# HDMI signal from one source to 2 tv sets



## telecom69 (Oct 12, 2001)

Is it possible to connect 2 tv sets in different rooms to show the same channel at the same time from one source this being the HDMI output, from in my case, a cable receiver box ...a very quick trial showed that you can have one or the other on but not both at the same time ... at the moment Im trying it via a HDMI splitter at the source end,ie 1 in 2 out using a 10 metre hdmi extension to the second tv ...


----------



## Elvandil (Aug 1, 2003)

http://www.dealextreme.com/details.dx/sku.21761


----------



## telecom69 (Oct 12, 2001)

Thanks for the quick reply :up: Ive already got the parts but managed by delving into the site,to see that it might not be possible to do what I want  but I will keep trying ....


----------



## Elvandil (Aug 1, 2003)

You need to do more than just split the signal?


----------



## telecom69 (Oct 12, 2001)

What I was hoping to do was to have the HDMI signal from the cable box playing on two televisions (in seperate rooms) the same channel at the same time ...but at the moment it won't happen for some reason,I can get it on one or the other,by switching one off,but not both at the same time ....I have all the settings right as far as I know because as I say I can get the picture on one or the other televisions... maybe you cannot split a hdmi signal I don't know because I never tried before ....


----------



## Elvandil (Aug 1, 2003)

How are you splitting it?
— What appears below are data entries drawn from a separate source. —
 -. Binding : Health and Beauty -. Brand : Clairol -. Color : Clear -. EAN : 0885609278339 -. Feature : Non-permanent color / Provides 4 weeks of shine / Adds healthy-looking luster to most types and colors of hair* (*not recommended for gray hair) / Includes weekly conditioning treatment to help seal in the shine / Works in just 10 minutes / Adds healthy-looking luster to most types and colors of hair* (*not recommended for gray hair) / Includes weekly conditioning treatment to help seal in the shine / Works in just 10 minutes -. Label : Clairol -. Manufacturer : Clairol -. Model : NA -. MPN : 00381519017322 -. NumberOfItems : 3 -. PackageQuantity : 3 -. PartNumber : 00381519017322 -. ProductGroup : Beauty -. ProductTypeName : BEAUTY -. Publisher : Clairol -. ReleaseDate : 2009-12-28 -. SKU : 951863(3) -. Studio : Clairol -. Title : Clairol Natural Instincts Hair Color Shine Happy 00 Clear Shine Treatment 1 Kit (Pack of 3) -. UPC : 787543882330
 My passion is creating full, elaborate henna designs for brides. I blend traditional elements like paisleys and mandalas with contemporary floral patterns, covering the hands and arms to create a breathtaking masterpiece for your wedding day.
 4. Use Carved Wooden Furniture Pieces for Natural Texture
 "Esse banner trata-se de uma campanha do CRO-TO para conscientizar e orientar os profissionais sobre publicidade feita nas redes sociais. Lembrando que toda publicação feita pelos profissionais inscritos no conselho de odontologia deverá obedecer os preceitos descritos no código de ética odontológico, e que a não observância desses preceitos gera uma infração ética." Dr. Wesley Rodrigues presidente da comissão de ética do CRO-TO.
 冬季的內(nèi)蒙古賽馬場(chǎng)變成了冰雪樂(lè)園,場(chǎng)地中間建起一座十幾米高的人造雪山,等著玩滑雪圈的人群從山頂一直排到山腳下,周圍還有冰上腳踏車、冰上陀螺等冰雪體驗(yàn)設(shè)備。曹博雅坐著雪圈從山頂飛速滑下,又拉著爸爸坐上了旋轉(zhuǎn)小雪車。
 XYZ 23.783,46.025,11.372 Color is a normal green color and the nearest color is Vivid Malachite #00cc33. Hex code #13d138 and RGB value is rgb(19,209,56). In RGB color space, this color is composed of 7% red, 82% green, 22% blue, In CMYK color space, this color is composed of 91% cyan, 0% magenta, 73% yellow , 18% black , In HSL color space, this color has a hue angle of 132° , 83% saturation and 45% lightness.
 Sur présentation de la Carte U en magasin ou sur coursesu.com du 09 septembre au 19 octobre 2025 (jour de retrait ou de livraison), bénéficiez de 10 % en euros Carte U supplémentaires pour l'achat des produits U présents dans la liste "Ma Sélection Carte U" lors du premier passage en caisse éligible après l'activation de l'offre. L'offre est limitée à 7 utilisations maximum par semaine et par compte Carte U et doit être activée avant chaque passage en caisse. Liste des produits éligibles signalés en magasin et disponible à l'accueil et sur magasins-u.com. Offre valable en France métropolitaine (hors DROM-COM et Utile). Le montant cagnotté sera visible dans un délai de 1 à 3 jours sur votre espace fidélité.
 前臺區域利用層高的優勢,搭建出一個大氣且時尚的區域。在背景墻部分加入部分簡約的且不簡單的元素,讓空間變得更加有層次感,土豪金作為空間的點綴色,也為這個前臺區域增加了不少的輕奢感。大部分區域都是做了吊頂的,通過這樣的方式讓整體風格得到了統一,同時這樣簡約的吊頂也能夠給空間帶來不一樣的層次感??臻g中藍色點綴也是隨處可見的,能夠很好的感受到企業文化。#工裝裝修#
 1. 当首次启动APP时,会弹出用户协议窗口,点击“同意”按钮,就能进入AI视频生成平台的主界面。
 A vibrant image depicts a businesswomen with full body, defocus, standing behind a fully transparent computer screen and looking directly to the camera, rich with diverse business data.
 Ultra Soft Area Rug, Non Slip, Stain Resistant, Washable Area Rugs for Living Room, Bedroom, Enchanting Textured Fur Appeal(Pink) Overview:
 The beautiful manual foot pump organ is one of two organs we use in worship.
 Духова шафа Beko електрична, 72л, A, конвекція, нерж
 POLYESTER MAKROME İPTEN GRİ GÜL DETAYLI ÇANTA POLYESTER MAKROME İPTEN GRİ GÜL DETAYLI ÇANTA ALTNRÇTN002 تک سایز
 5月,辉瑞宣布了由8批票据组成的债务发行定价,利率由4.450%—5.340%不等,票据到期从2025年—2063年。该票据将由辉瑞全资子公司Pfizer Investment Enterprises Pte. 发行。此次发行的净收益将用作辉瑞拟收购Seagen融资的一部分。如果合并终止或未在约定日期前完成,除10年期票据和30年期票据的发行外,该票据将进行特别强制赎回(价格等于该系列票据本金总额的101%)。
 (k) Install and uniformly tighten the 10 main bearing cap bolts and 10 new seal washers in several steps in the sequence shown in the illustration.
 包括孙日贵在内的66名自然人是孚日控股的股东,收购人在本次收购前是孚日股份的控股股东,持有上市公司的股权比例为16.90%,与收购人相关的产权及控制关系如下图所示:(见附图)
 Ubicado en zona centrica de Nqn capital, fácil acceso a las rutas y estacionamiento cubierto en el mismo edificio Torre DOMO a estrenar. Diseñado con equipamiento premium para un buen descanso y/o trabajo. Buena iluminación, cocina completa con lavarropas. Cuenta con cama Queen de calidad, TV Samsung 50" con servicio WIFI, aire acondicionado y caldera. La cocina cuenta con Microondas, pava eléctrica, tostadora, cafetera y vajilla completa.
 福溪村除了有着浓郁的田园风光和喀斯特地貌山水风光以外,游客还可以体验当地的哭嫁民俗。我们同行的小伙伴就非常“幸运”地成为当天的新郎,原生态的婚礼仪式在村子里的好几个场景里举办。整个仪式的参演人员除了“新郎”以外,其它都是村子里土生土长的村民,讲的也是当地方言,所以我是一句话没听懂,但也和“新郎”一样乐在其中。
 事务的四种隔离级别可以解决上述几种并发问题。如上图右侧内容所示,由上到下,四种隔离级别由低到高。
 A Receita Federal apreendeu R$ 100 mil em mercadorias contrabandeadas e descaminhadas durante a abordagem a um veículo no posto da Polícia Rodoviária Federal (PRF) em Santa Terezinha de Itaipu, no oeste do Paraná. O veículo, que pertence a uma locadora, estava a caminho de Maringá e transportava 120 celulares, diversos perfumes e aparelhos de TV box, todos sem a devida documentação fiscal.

Maybe there is some power requirement and with both it doesn't reach the required minimum. Just a very wild guess, but if any of those retail splitters require power, I'd bet that is why.


----------



## telecom69 (Oct 12, 2001)

It seems you were right with your wild guess :up: I did a bit more reading about the situation and it looks like you just cannot split a hdmi signal without using a powered splitter,so it looks like thats the way I having to go ..thank you for taking an interest in my problem


----------